## WORK INSTRUCTIONS
Would you reproduce exactly the lines below from the one holding "maxtek Rolling Whiteboard, 72x48" through the one holding "Maileg lillesøster mus", inclusive, and no others?

## RECORDS
* * *
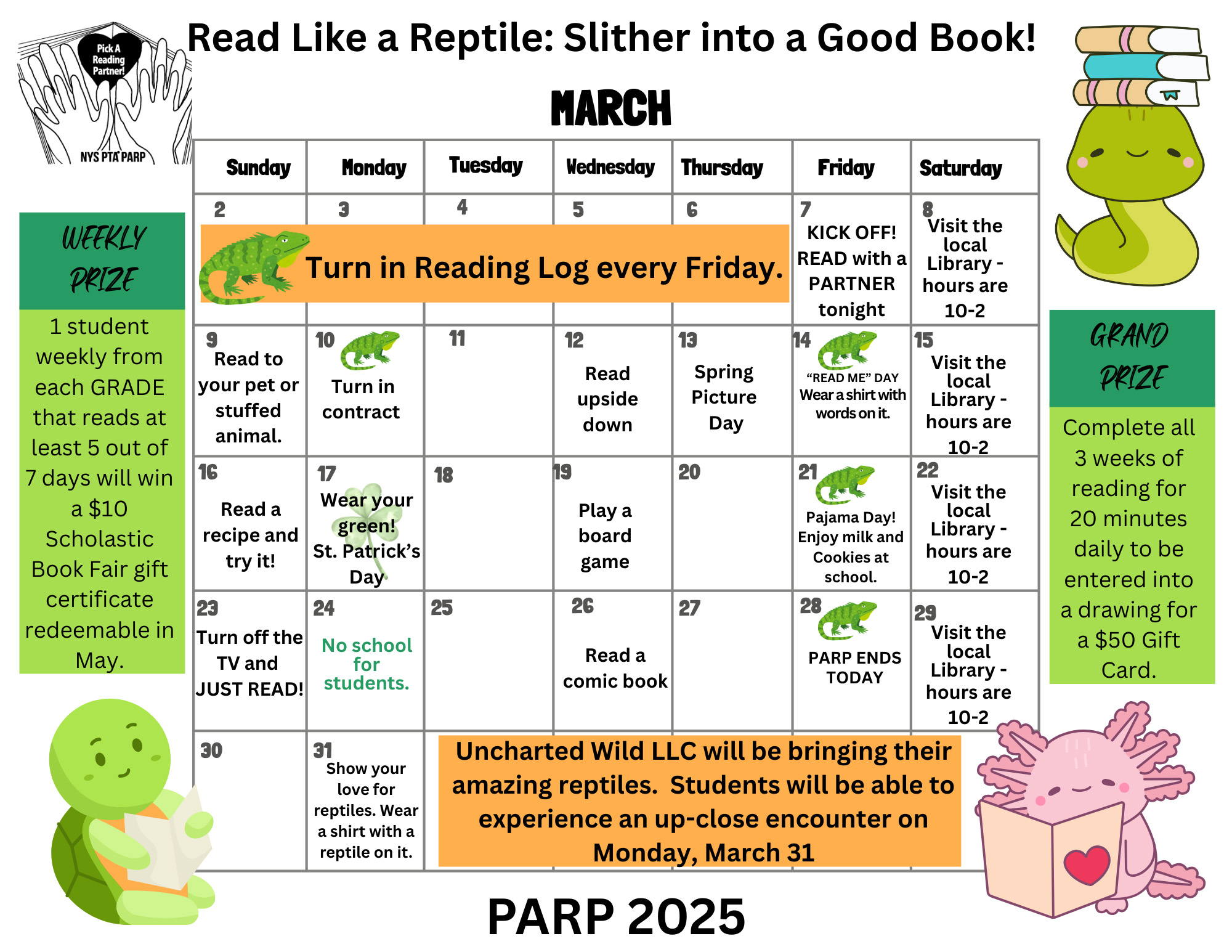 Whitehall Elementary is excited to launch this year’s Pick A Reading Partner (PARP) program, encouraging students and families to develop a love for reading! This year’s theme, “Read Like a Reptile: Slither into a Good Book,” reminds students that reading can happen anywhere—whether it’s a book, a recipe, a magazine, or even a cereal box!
* * *
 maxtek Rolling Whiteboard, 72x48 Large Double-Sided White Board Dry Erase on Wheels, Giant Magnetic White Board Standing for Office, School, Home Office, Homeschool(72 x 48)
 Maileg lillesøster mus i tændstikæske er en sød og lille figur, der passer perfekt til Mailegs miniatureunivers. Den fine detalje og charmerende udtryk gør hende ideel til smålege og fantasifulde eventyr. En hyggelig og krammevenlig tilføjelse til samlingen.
* * *
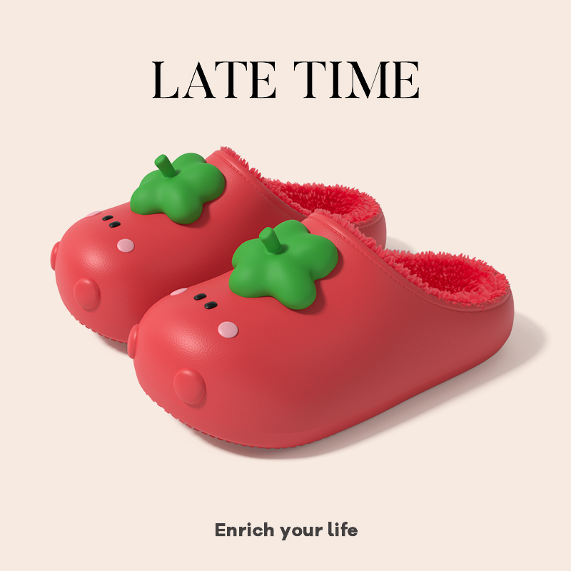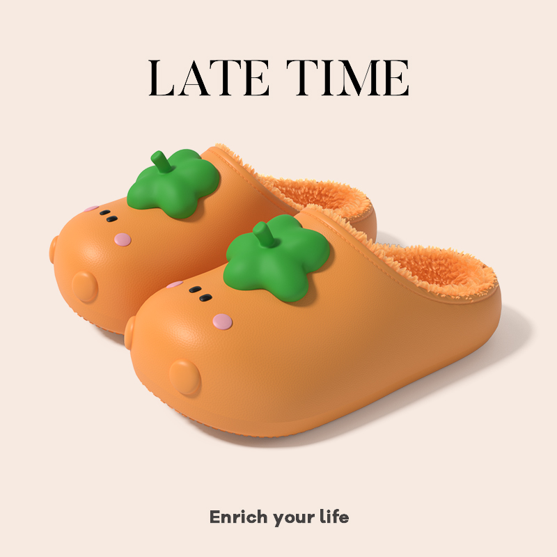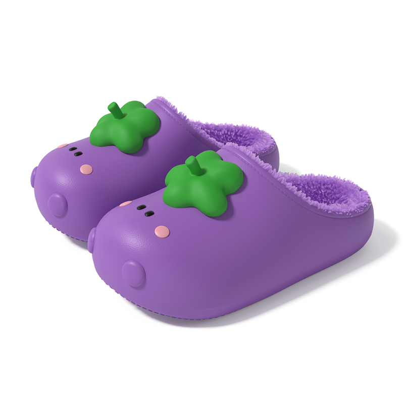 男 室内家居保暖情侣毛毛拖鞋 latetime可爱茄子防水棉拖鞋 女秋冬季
* * *
## SOLUTION TO THE PROBLEM
 maxtek Rolling Whiteboard, 72x48 Large Double-Sided White Board Dry Erase on Wheels, Giant Magnetic White Board Standing for Office, School, Home Office, Homeschool(72 x 48)
 Maileg lillesøster mus i tændstikæske er en sød og lille figur, der passer perfekt til Mailegs miniatureunivers. Den fine detalje og charmerende udtryk gør hende ideel til smålege og fantasifulde eventyr. En hyggelig og krammevenlig tilføjelse til samlingen.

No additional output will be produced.